Return exactly the lines from the one containing "- Une cuisine" through the end of the material below, and leave the images out.

Information provided:
------------------------------------------------------------------------

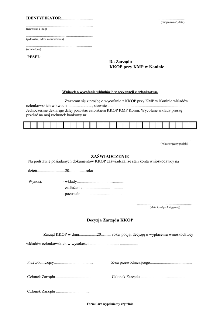 IDENTYFIKATOR:……………….……….… ………………………... (miejscowość, data) ………………………………………………………….. (nazwisko i imię) …………………………………..……………………… (jednostka, adres zamieszkania) …………………………………………….…………… (nr telefonu) PESEL:……………………………………………….. Do Zarządu KKOP przy KMP w Koninie Wniosek o wycofanie wkładów bez rezygnacji z członkostwa. Zwracam się z prośbą o wycofanie z KKOP przy KMP w Koninie wkładów członkowskich w kwocie ………..................., słownie …………………………………………………………………………… Jednocześnie deklaruję dalej pozostać członkiem KKOP KMP Konin. Wycofane wkłady proszę przelać na mój rachunek bankowy nr: …………………………. ( własnoręczny podpis) ZAŚWIADCZENIE Na podstawie posiadanych dokumentów KKOP zaświadcza, że stan konta wnioskodawcy na dzień………………..………20..………..…..roku Wynosi: - wkłady………………………………..………. - zadłużenie………………………..….……… - pozostało ……………………..……………. ……………………………………………….. ( data i podpis księgowej) Decyzja Zarządu KKOP Zarząd KKOP w dniu………………20…..…… roku podjął decyzję o wypłaceniu wnioskodawcy wkładów członkowskich w wysokości ………………………… ………………. Przewodniczący…………………………………. Z-ca przewodniczącego ………………………….………… Członek Zarządu………………………………. Członek Zarządu ………………………..…………………… Członek Zarządu ……………………………. Formularz wypełniamy czytelnie
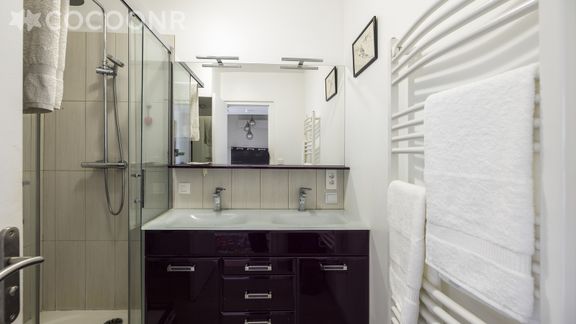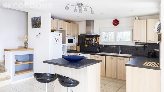 - Une cuisine équipée avec notamment : bouilloire électrique, four, four à micro-ondes, grille-pain, lave-vaisselle, plaques de cuisson...
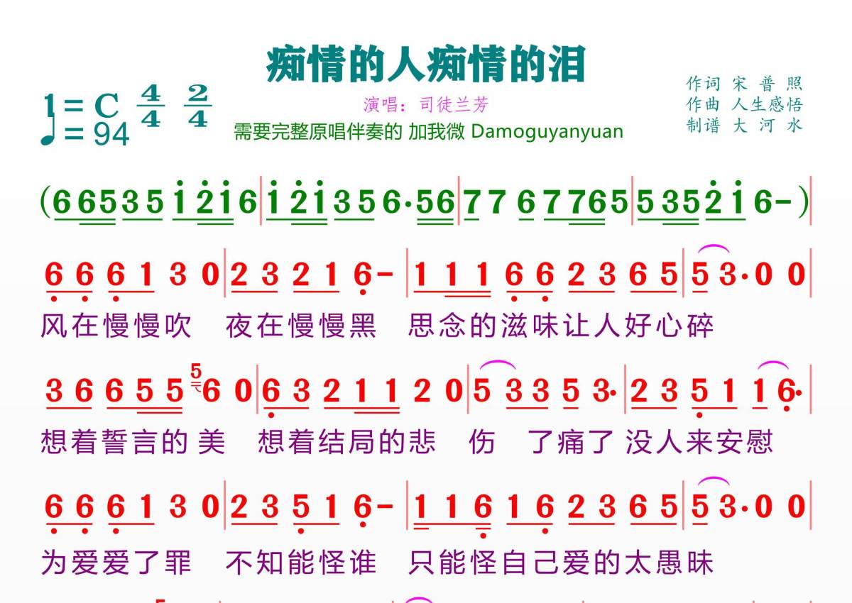 《痴情的人痴情的泪》是司徒兰芳演唱的一首歌曲,拍号为4/4拍,歌曲速度为每分钟94拍,这份简谱共有一张高清图谱,图谱由 @临海雪原 编配上传。

------------------------------------------------------------------------

Answer section:
 - Une cuisine équipée avec notamment : bouilloire électrique, four, four à micro-ondes, grille-pain, lave-vaisselle, plaques de cuisson...
 《痴情的人痴情的泪》是司徒兰芳演唱的一首歌曲,拍号为4/4拍,歌曲速度为每分钟94拍,这份简谱共有一张高清图谱,图谱由 @临海雪原 编配上传。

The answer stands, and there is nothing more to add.